CONTACT: David Carle, 202-224-3693

VERMONT


 

Statement Of Senator Patrick Leahy,
Chairman, Senate Judiciary Committee
On The Nomination Of John P. Walters
To Be Director Of The Office Of National Drug Control Policy
November 8, 2001

This committee and its members have been particularly concerned and active for decades in seeking answers to the nation’s drug problem, and the tragic results of substance abuse have touched the lives millions of Americans, including members of this committee.

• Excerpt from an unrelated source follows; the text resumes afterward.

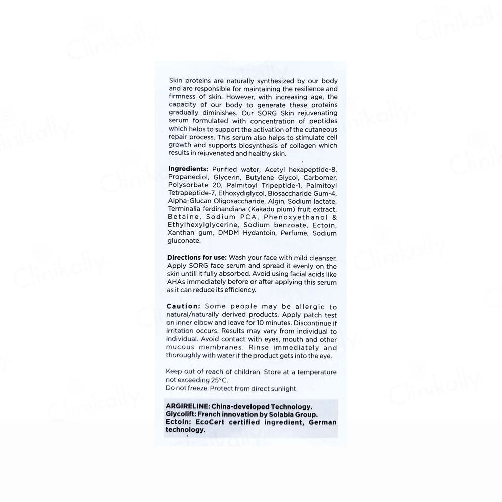Sorg Skin Rejuvenating Face Serum is a potent formula designed to revitalize and rejuvenate the skin. Enriched with powerful antioxidants like vitamin C, retinol, and hyaluronic acid, this serum effectively reduces the appearance of fine lines, wrinkles, and age spots, promoting a more youthful and radiant complexion. Its lightweight, non-greasy formula penetrates deeply to stimulate collagen production and enhance skin elasticity. Suitable for all skin types, Sorg Skin Rejuvenating Face Serum is ideal for daily use to achieve visibly smoother and firmer skin.

The effort and the expertise about fighting drug abuse runs wide and deep on this committee. For example, Senator Biden largely wrote the law that created the position of drug czar and has kept close tabs on the office’s role in drug policy ever since. Senator Specter, Senator Sessions and I put away drug criminals when we were prosecutors. Senator Kennedy has led the way, on this committee and on other committees, in obtaining more treatment and prevention help for young Americans. Senator McConnell had to deal with the effects of the drug problem at the community level, using the tools of local government. Senator Hatch, Senator Biden and I, joined by several other members of the Committee, worked last year and this year to construct a balanced anti-drug package, S.304, that we continue to advance in every way we can.

All of us feel deeply the need to confront and conquer the scourge of drug abuse and the ways it ravages American lives, especially young American lives. The debate on how best to win this struggle is well under way in communities and across kitchen tables across the Nation. The President’s nomination of John Walters has been the most recent catalyst for this debate.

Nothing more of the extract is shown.